No, nothing of the sort. But let’s face it – times are tight, budgets are tighter, and companies we talk to are all looking for ways to make their marketing investment go further. Here then, are some recommendations for how and where to spend today’s demand generation dollars for greatest effect.
Let me suggest a theme: optimization. Now is not the time to be gambling your budget on new and unproven tactics. Much better to make the most of what you have, and instead improve the performance of existing programs and strategies. With that principle in mind, here are my candidates for what should be on your year-end “to do” list:
Lead Management
I won’t be the first to say it, but if you don’t already have a marketing automation system in place to better score, qualify, nurture, distribute, and manage inbound leads, now is the time to take the leap. The flood of new SaaS vendors into the category has made the technology astonishingly inexpensive AND easy to set up, and putting a structured lead management system in place should improve the success of every demand generation program – including search, content syndication, installed base programs, Web leads, you name it. Plus it will be much easier to gauge the true ROI from those programs, meaning you’ll have greater success arguing for a larger budget in Q1.
A word of caution – as wonderful as some of the new technology is, I have yet to see marketing automation software that develops the underlying lead management workflow, or advises you on e-mail frequency and offer strategy, or designs e-mail creative.

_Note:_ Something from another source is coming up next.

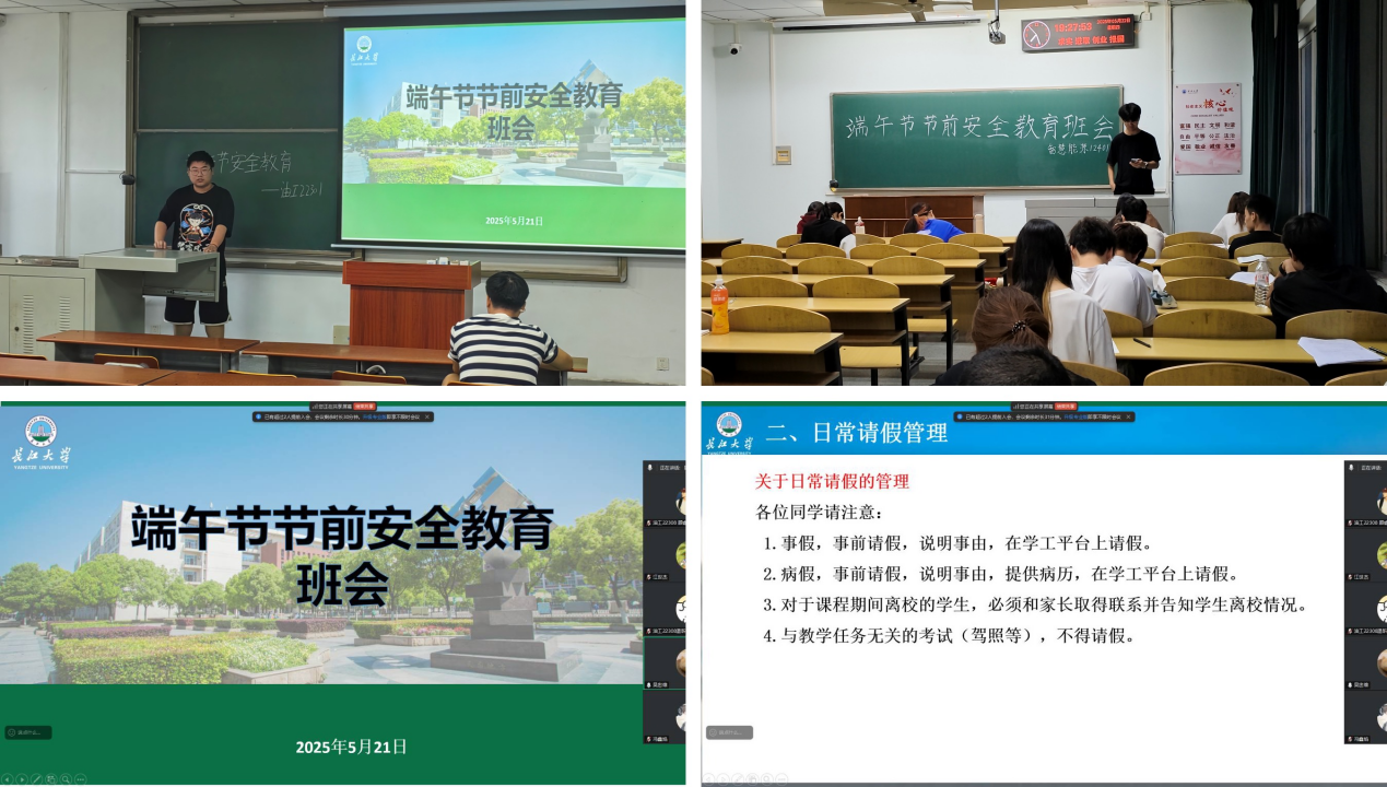 (通讯员 商麟鑫 宋昱鑫)为进一步增强同学们的安全防范意识,保障假期安全,做好端午节期间的安全教育管理工作,yl23411永利(集团)有限公司官网组织全体本科生和研究生召开端午节节前主题班会活动,本次班会旨在向同学们强调各方面的安全注意事项,预防各类安全事故的发生。

Don’t expect to spend a few bucks on marketing automation, flip the switch, and see results. To work best, these systems take planning, strategy, good creative, and a consistent application of lead management and e-marketing best practices.
Paid Search (SEM)
As much as SEM has become the demand generation workhorse for many companies, in my experience, B2B marketers waste more money on SEM than anywhere else. At CDI, we’re frequently called upon to audit clients’ SEM programs, and it’s not uncommon to see 30 percent or more of total spend invested in terms that generate no conversions, or entire campaigns, to the tune of thousands of dollars each month, lumped into one or two ad groups so that the search terms bear no relevance to the resulting ad. Or ads that all link to the corporate home page. Or not even bothering to track conversions, so that there’s no measurement of which terms and ads are really generating leads. And so on.
If you’re spending more than say, $3,000 a month with Google, the chances are pretty good that your program has untapped efficiencies. Even modest improvements on a few key metrics, especially conversion rates (click to lead) can have a huge impact on Cost Per Lead and overall program ROI. (See our white paper for more tips on improving SEM performance.)
Landing Page Optimization
Speaking of conversion rates, my experience is that most B2B landing pages stink. Landing pages are the forgotten child of e-marketing, typically relegated to a campaign afterthought, and constructed all too often with only the slightest nod to the most basic principles of direct marketing and even common sense.
What makes lousy landing pages such a crime is that not only are they easy to fix, but even minor changes can have an enormous impact on conversion rates and on the response and results of entire campaigns. If the landing page you use for Google ads, for example, generates an anemic 2 percent conversion rate, you could increase that rate to only 2.5 percent and instantly see a full 25 percent improvement in ROI.
Some marketing automation tools have landing page optimization capabilities built in, as does Google. Google AdWords and SEM in general are highly effective platforms for testing landing pages because you can make adjustments on the fly, see instant results, and optimize over time. Or you can buy into dedicated optimization technology like Omniture. However, you do it, this is a modest investment that can pay big dividends across a wide range of campaigns. (See this previous post for more tips on how to improve landing page effectiveness.)
Blogs
Seriously, what is your corporate blog doing for you, besides providing an ego boost to senior executives, and headaches for your PR team? Blogging is easy and cheap, but therein lies the problem. Like Google, where all you need is a credit card and a list of keywords, many corporate blogs operate at a fraction of their potential effectiveness.
Most corporate blogs are born on a whim, and then grow organically, unchecked and unsupervised, without any kind of consensus as to their true mission. The truth is, blogs aren’t just mastheads with comments – they have enormous potential for lead generation, driving Web traffic, improving search rankings, and especially lead nurturing (through proper use of e-mail subscriptions and RSS feeds).
If you don’t have a blog, start one. (See this earlier post for a description of our own experience here at CDI.) If you already have a blog, time for some serious evaluation of what purpose the blog is serving and how it’s performing against that standard.